ベジャール、バレエ、リュミエール

ベジャール、バレエ、リュミエール

フランスの振付師モーリス・ベジャールの新作バレエ『リュミエール』。その舞台の完成までを追ったドキュメンタリー映画『ベジャール、バレエ、リュミエール』を観てきた。
僕はバレエについて何の知識も理解もないので、見所を認識できていないことは言うまでもないが、1つの映画としては、アプローチの面で、どっちつかずな印象が残った。
バレエとその舞台裏という、絵としては充分美しい被写体を外面的に追うことに徹するでもなく、ベジャールの内面の追求に徹するでもない。被写体は頻繁な編集で断片化され、それがあまりいい効果を挙げていないように思う。知識のない観客としてはそれほど楽しめない95分間だった。残念。
ただ、バレエという表現に対するカルチャー・ショックはあったと思う。
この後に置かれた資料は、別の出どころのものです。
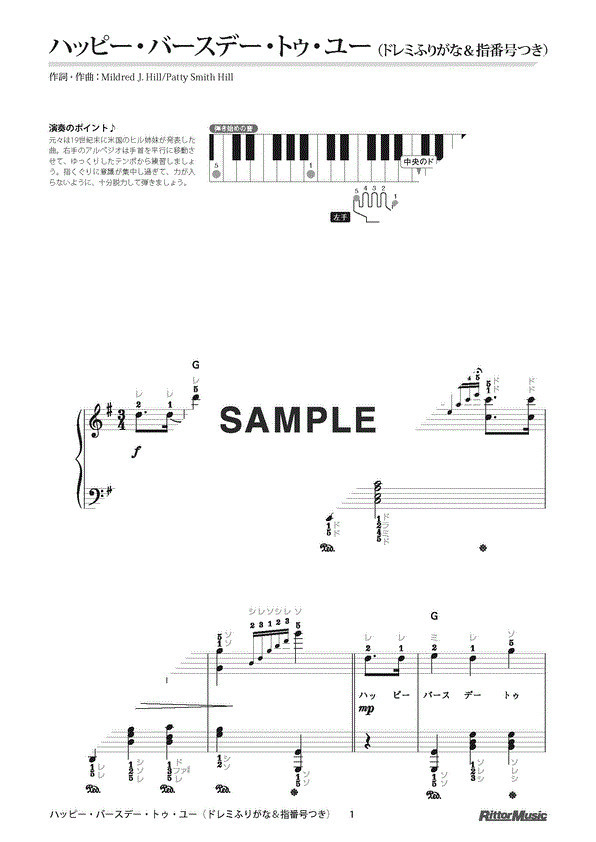 ピアノ楽譜 ハッピー・バースデー・トゥ・ユー ドレミふりがな&指番号つきMildred J. Hill Patty Smith Hill ソロ初~中級。

日本人がやったら照れくさくてとても見てられないような表現内容に、真剣に取り組んでいる振付師と若手のダンサーたちの様子を目の当たりにすると(しかもその身のこなしの優雅さが浮いていない)、彼らは文化の中に生きているのだなぁ、という一日本人としての強い異文化を感じた。それはフランス文化という異界に対する畏怖のようなものだ。洗練に洗練を重ねた結果、頭打ちになった文化の国のそれでも伝統としての大人の文化。
それにしても日本人の文化は、どんどん子供化していきますね。

フランスの振付家モーリス・ベジャールは、厳格なクラシック・バレエの技術にこだわりながらも、ジャズや東洋の踊りから着想をえた斬新(ざんしん)で想像力あふれる舞台を演出、現代バレエの神様とよばれる。*1

現代バレエのファンだったら、現場での彼の姿が見れるだけできっとウキウキなのでしょうね。そういう気持ちは僕もわかると思う。